I’m thankful for those who have made history for doing good, and the first Thanksgiving story is one such example! When I was in elementary school I remember our class dressing up as Pilgrims and Indians, and having a meal together in remembrance of the first Thanksgiving. It was so much fun I still remember it! However it wasn’t until I homeschooled my own children that I grasped the full significance of this story.
For example, the Pilgrims were so desperate for freedom they risked everything to go to America, but God provided for them in miraculous ways! Thanksgiving was much more than a meal, it was a celebration with new friends & worship to God!
In this post are 5 fun activities you can use to teach the real, captivating story of the first Thanksgiving while providing a memorable experience for your family!
1. Read the story of the first Thanksgiving together while acting out the parts
Kids love to perform for their parents, and it’s a great way to bring them into the story to help them remember what they’re learning! Before you begin, have some simple props or costumes ready (here’s a link on how to make some simple ones yourself!), a book on the first Thanksgiving, and decide who will be which character.
You may also want a recording device like your phone ready to get this on video! As you read the story out-loud, have your kids act out the story.
Some highlights of the story include:
- sailing on the Mayflower
- Pilgrims meeting the Native American Indians for the first time
- peace treaty between them
- Squanto teaching the Pilgrims how to tap maple trees and plant crops like corn and squash
- Thanksgiving meal
- singing hymns to worship God.
There are many good books on the first Thanksgiving, but here are two my boys enjoyed reading: ABeka’s “Our American Heritage,“and “Squanto: Friend of the Pilgrims.”
2. Create a “colony”
When you take the time to get rid of all distractions, and focus on your little ones they will feel so special! This activity is a great way to not only teach about the first Thanksgiving, but it will also create a wonderful bonding experience for you and your child.
Pretend with your children that you are a family of voyagers sailing across the sea on the Mayflower to make your home in a new land. Imagine what it would have been like to be on that ship, and to see the new land for the first time!
Immerse yourselves in the story! What would you see, smell, feel, and taste?
Think about what land would make the ideal spot for building homes, and what you’d like your new colony to have. Then, gather building materials such as Lincoln Logs, blocks, playdough, air-dry clay or craft sticks to create a colony of your own. Look up “Plymouth Plantation” to see pictures of where the Pilgrims made their first home in Massachusetts.
How does yours compare? What materials did they have to use, and what were they lacking? Do their homes have windows?

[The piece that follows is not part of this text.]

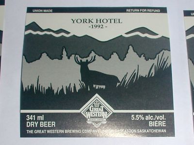 RARE CANADA BEER LABEL YORK HOTEL GREAT WESTERN SK

Get your children to think through the answers, and if they are older you can have them do their own research. If you’re up for a road-trip, you can tour Plymouth Plantation and see how it would have looked in the 1600s. They even have a Thanksgiving dinner buffet available if you tour in November!

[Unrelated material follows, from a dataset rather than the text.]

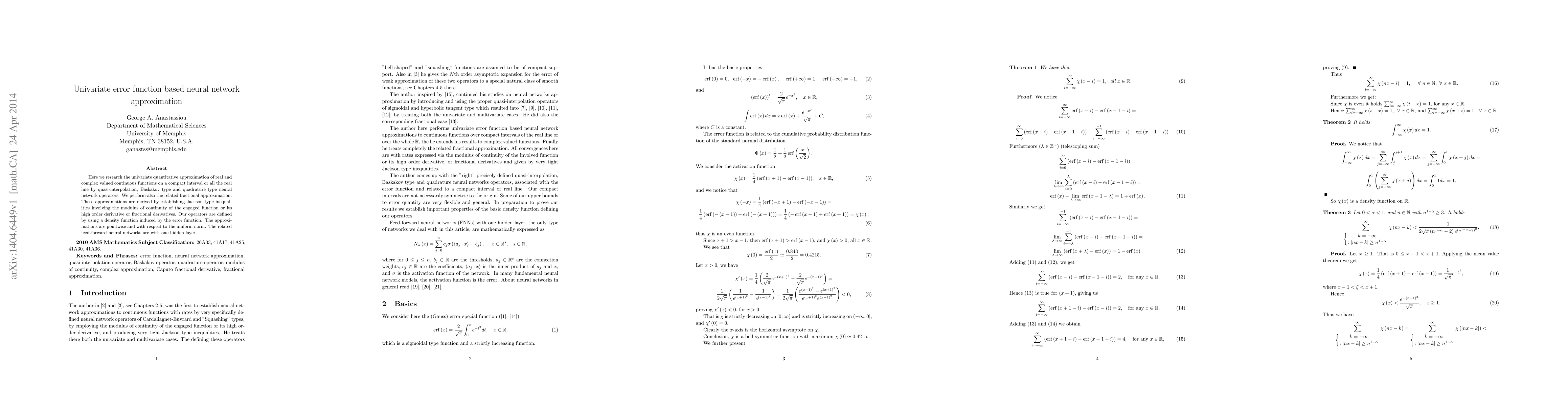 Here we research the univariate quantitative approximation of real and complex valued continuous functions on a compact interval or all the real line by quasi-interpolation, Baskakov type and quadrature type neural network operators. We perform also the related fractional approximation. These approximations are derived by establishing Jackson type inequalities involving the modulus of continuity of the engaged function or its high order derivative or fractional derivatives. Our operators are defined by using a density function induced by the error function. The approximations are pointwise and with respect to the uniform norm. The related feed-forward neural networks are with one hidden layer.

3. Plant corn like Squanto!
Squanto was a Native American Indian who spoke English and be-friended the Pilgrims when they met. He showed them many skills that helped the new colonists survive in their new homeland. He taught them how to plant crops they had never seen before like squash, pumpkin, and corn. When it was time to plant the corn, Squanto dug holes in the ground and dropped small fish into the holes.
It was said that one of the Pilgrim girls upon seeing him do this went running to the others exclaiming, “he’s planting fish!” 🙂 Next, he put a kernel of corn and a few bean seeds in the hole and covered it up with soil. He told the Pilgrims that the ground gets hungry too and needs the fish to help grow a good crop.
You can try this as a science experiment with your kids! Plant a corn kernel without fish in a pot of dirt (or in your yard). In another pot of dirt (or in your yard), plant a kernel of corn with a few pieces of raw fish.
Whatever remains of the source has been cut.